Subject responses, both the direction responses (i.e., left or right) and quantitative confidence probability judgments having a resolution of 1%, were recorded using an iPad. Before each trial, the iPad backlighting was turned off. When the trial ended, the iPad was automatically illuminated to display sliders (one on the left and one on the right) that ranged from 50 to 100%. The subject tapped on the left side of the iPad to report perceived motion to the left and tapped on the right side to report perceived motion to the right. Subjects could then move the selected slider up/down to indicate their confidence. To avoid biasing the subject's confidence responses, no indication of slider position was displayed until the subject touched the screen to indicate their confidence (i.e., no initial slider position). The subject's responses, both direction (left/right) and confidence (50 to 100%), were displayed on the screen. The subject could adjust his or her response until satisfied; they then tapped a button labeled “Confirm.” At the beginning of the testing, the subjects practiced for a few trials to be sure that they understood the task.

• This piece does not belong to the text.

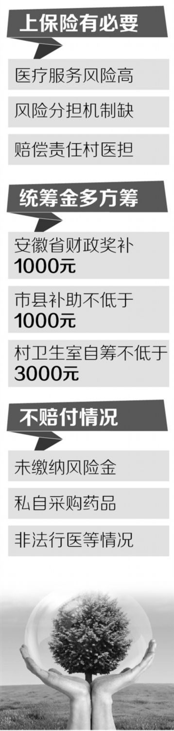 近日,安徽省卫计委、省财政厅联合下发《关于建立村卫生室医疗执业风险分担统筹资金的意见》,决定按每个村卫生室筹资不低于5000元的标准,建立村卫生室医疗执业风险分担统筹资金,由省、市(县)、个人出资,县级统筹,专项用于村卫生室发生医患纠纷时的医疗赔偿。

These human studies utilized a half-range task in which subjects used a scale between 50 and 100%, inclusive. Confidence probability judgment tasks can be full-range tasks or half-range tasks (Galvin et al. 2003; Lichtenstein et al. 1982). Full-range scales range between 0 and 100%, while half-range scales range between 50 and 100%. For our half-range task, a subject might report that they perceived negative motion and report 84% confidence. For a full-range task with the subject asked to report his or her confidence that the motion was positive, the equivalent response would be a 16% confidence that the motion was positive. To plot, model, and fit the data, we used this mathematical equivalence to convert each half-range confidence rating to a full-range rating.
Subject instructions emphasized that the motion direction would be selected randomly and that the directions of previous motions would have no impact on the next motion direction. Instructions also emphasized that we had no expectation regarding how their confidence assessments would be distributed and that it was important that they report the confidence that they experienced for each specific trial. Subjects were specifically informed that “…if you are guessing much of the time, this is OK, and if you are very certain much of the time, this is OK, too.” Subjects were not ever provided any information regarding their confidence indications. During the initial training that never exceeded 10 practice trials, subjects were informed whether their left/right responses were correct or incorrect. During test sessions, subjects were never informed whether their responses were correct or incorrect.
Four healthy human subjects (2 male, 2 female, 26–34 yr old) were each tested on 6 different days. Informed consent was obtained from all subjects before participation in the study. The study was approved by the local ethics committee and was performed in accordance with the ethical standards laid down in the 1964 Declaration of Helsinki.
An author (Y. Yi) participated as one of the subjects. Since the computer randomized the motion direction for each trial just before the trial and since the adaptive staircase targets stimuli where all subjects should get ∼20% of the trials incorrect, this subject did not have information to guide his binary reports or confidence judgments on each individual trial. More importantly, as noted in the results, this subject's responses did not differ from the other subjects in any noticeable manner.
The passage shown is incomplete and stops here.